---------- Data extracts ----------

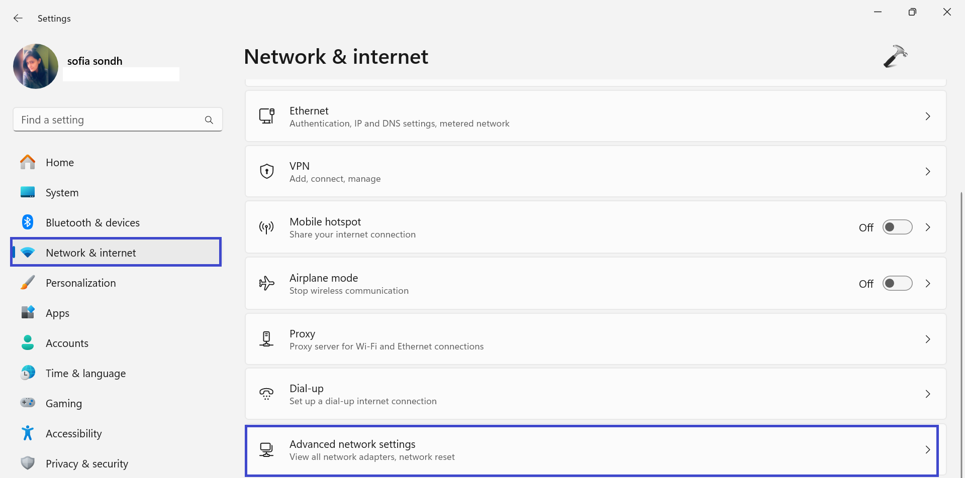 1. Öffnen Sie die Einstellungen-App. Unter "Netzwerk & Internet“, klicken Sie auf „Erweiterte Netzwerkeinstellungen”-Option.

----------
---------- Data extracts ----------

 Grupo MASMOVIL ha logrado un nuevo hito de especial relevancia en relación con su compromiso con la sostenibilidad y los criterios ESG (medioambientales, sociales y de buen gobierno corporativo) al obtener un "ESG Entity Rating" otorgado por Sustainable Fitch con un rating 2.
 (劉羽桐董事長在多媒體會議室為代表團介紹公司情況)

----------
---------- Data extracts ----------

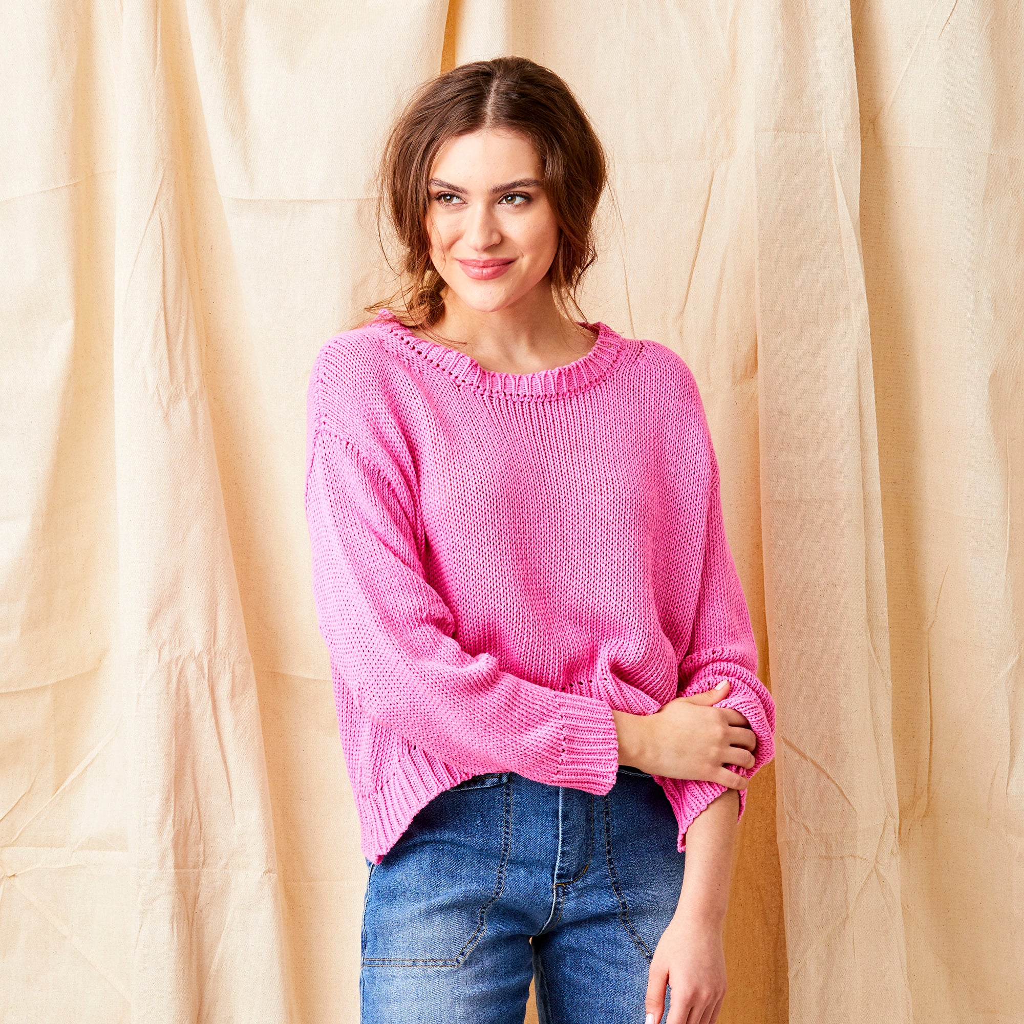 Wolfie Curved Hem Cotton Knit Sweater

----------

Reproducing the whole listing above is not the task. Copy exactly only the lines from the one with "Grupo MASMOVIL ha" to the one with "(劉羽桐董事長在多媒體會議室為代表團介紹公司情況)", both kept.

**Exercise output**
 Grupo MASMOVIL ha logrado un nuevo hito de especial relevancia en relación con su compromiso con la sostenibilidad y los criterios ESG (medioambientales, sociales y de buen gobierno corporativo) al obtener un "ESG Entity Rating" otorgado por Sustainable Fitch con un rating 2.
 (劉羽桐董事長在多媒體會議室為代表團介紹公司情況)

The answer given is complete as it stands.